There is a strong relationship between neural activity associated with new skills and the formation of efficient, myelinated white matter pathways that connect gray matter regions throughout the brain [19]. As a result of this critical interaction, any deviation in the typical formation of white matter pathways will likely contribute to functional impairments [20]. Prior research has demonstrated a link between white matter alterations and language impairment in children with a range of neurodevelopmental disorders, including autism spectrum disorder, dyslexia and other reading disorders, and epilepsy [81,82,83,84]. While research on white matter connectivity in children with DLD is limited, like other neurodevelopmental populations, there seems to be a connection between language impairment and altered white matter volume and diffusivity (movement of water molecules along white matter pathways). Here, we provide an overview of these findings starting with white matter volume changes in DLD as compared to TD and then we turn attention to the diffusivity of white matter tracts involved in language processing within dorsal and ventral regions.

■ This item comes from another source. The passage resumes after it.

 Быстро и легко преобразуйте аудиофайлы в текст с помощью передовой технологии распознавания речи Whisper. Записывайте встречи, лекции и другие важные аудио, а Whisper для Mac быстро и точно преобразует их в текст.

3. Functional Neuroimaging Findings in DLD

Functional magnetic resonance imaging (fMRI) provides researchers (and clinicians) a glimpse into the window of the active brain. The examination of brain activity during specific tasks can inform theories of behavior, in this case, language.

3.1. Functional Magnetic Resonance Imaging (fMRI) Studies

Studies investigating functional brain activity in children with DLD using fMRI vary significantly across the tasks that are used and the age ranges studied. However, the general picture suggests that children with DLD differ across activation levels (hypo- and hyper-activation), locations, and laterality patterns of brain activation when compared to typically developing children during language-related tasks. Since fMRI results are largely based on task demands, it is important to understand that different tasks will produce different patterns of activation. However, the goal here is to highlight consistent patterns of regional activation differences across the broader categories of expressive and receptive tasks (though see for a more detailed review of activation patterns across specific tasks). As will become clear from the discussion below, more studies are needed to not only verify results (particularly across a wider range of tasks) but to also explore whether differences in the level, location, or laterality of activation patterns are due to other factors such as maturational changes (as discussed in prior sections).

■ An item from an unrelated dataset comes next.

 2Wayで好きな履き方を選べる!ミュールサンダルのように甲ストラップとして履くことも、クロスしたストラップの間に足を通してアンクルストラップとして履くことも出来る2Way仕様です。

3.2. Cerebral Blood Flow Patterns

There is a tight coupling between neuronal activity and increased blood flow to active brain regions (e.g., neurovascular coupling). When neurons are active, they send chemical and electrical signals to blood vessels to dilate which in turn increases the flow of blood and allows an abundance of oxygen and glucose to be delivered to neurons as a fuel source. As neurons consume the influx of oxygen, the blood becomes deoxygenated. It is this change in oxygen content on which the fMRI or blood oxygen level dependent (BOLD) signal is based [105]. However, if the relationship between neural activity and the BOLD response is not accurately modeled via the hemodynamic response function (HRF), then activation patterns may be misinterpreted. Prior research has revealed that the HRF may deviate from the canonical pattern with clinical populations [106]. For example, following a stroke, the amount of time it takes for blood to perfuse neural tissue (i.e., transit delay time) may be longer than normal and the amount of blood that gets delivered to neural tissue may be reduced [99,107,108]. Thus, when conducting fMRI studies with suspected neurologically compromised populations, including neurodevelopmental groups, it is critical that the modeled HRF reflects the true nature of blood flow in the brain in order to extract accurate BOLD signal estimates.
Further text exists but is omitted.